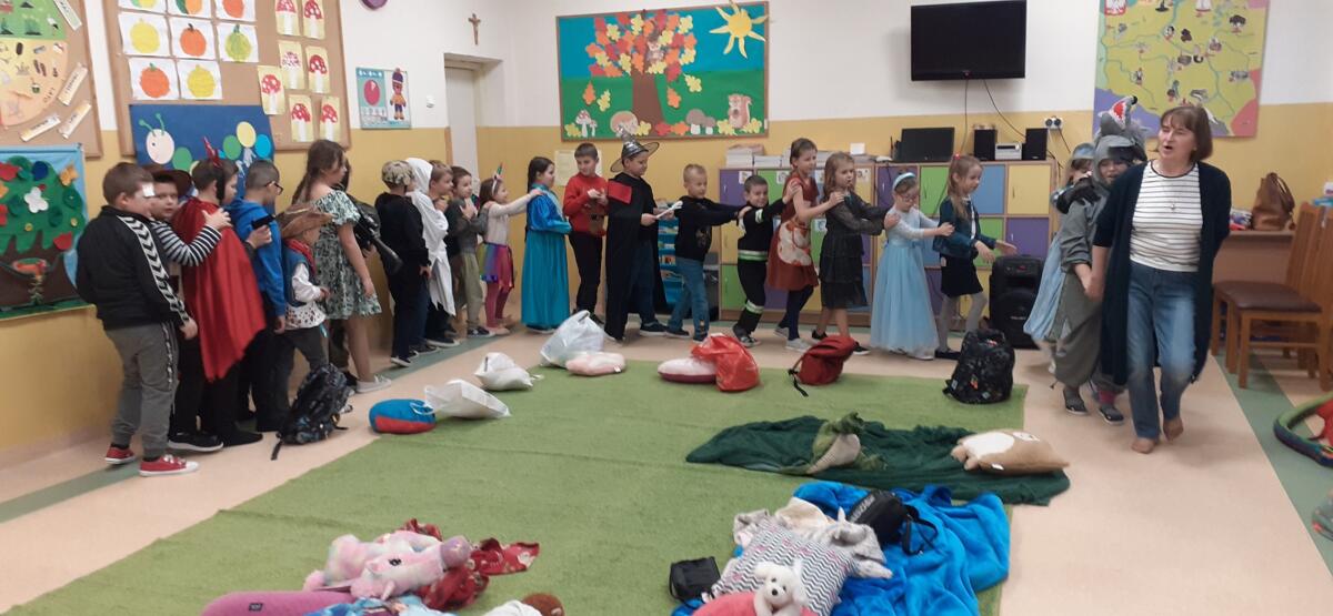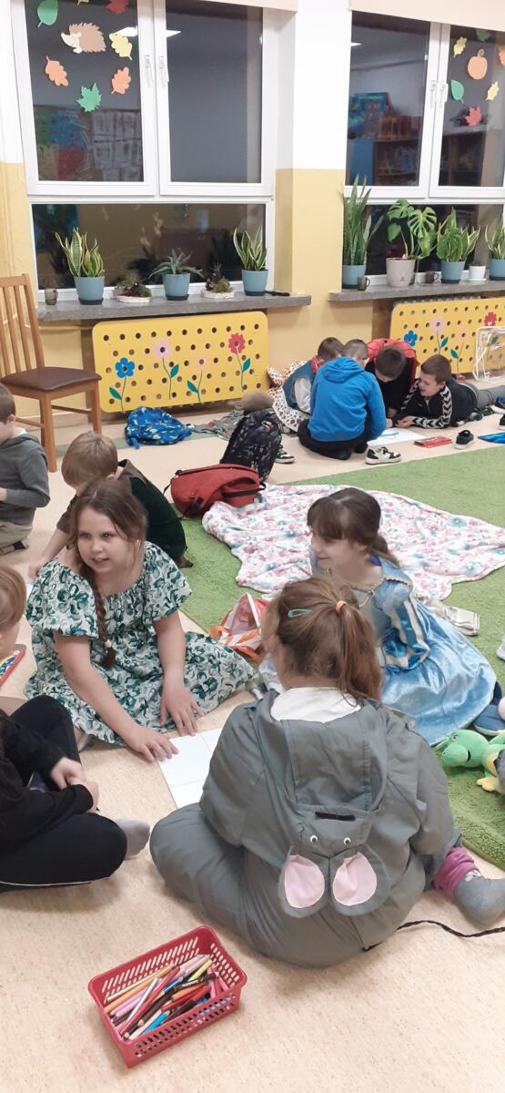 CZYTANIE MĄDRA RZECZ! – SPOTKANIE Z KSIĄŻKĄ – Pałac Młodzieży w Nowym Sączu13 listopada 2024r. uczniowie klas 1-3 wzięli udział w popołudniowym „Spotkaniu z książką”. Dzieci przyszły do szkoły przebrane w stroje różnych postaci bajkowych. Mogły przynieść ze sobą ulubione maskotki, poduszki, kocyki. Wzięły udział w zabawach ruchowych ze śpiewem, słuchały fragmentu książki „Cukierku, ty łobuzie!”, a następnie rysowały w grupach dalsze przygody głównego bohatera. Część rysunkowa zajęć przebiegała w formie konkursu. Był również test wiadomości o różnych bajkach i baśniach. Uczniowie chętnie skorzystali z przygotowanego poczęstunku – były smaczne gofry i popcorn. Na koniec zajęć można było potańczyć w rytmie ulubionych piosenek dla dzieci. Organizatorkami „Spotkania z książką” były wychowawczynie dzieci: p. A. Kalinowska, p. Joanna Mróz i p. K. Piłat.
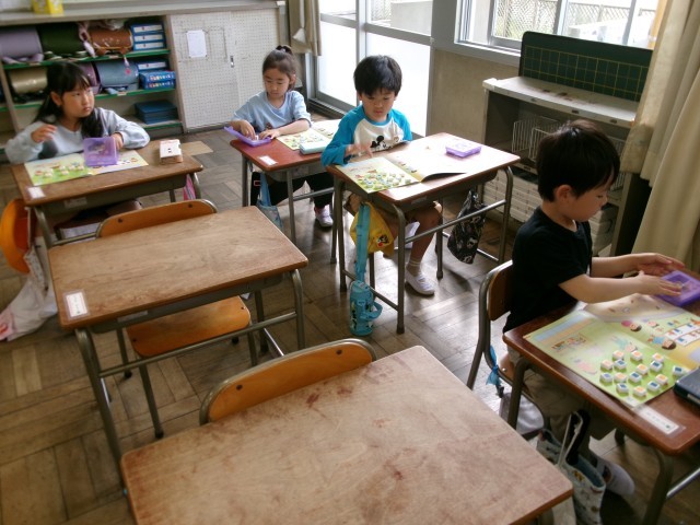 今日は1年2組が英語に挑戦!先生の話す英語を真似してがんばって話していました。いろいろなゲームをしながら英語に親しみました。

...

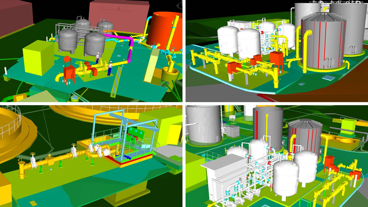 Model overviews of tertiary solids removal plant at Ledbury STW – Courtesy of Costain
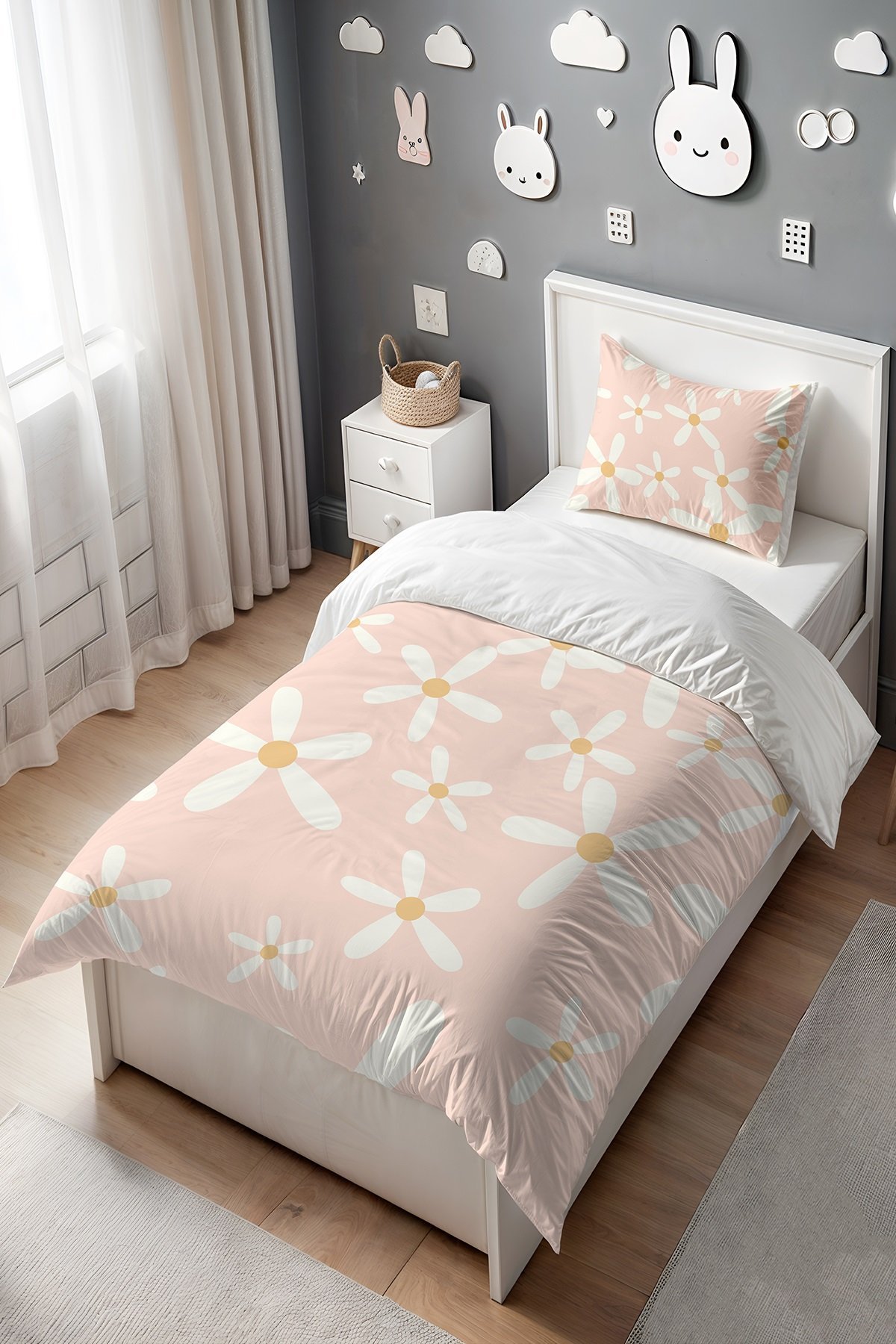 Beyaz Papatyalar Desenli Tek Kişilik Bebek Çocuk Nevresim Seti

Problem description: Output exactly those lines of the data above that run from the line with "Model overviews of" up to and including the line with "Beyaz Papatyalar Desenli". No pictures go in.

Result for this task:
 Model overviews of tertiary solids removal plant at Ledbury STW – Courtesy of Costain
 Beyaz Papatyalar Desenli Tek Kişilik Bebek Çocuk Nevresim Seti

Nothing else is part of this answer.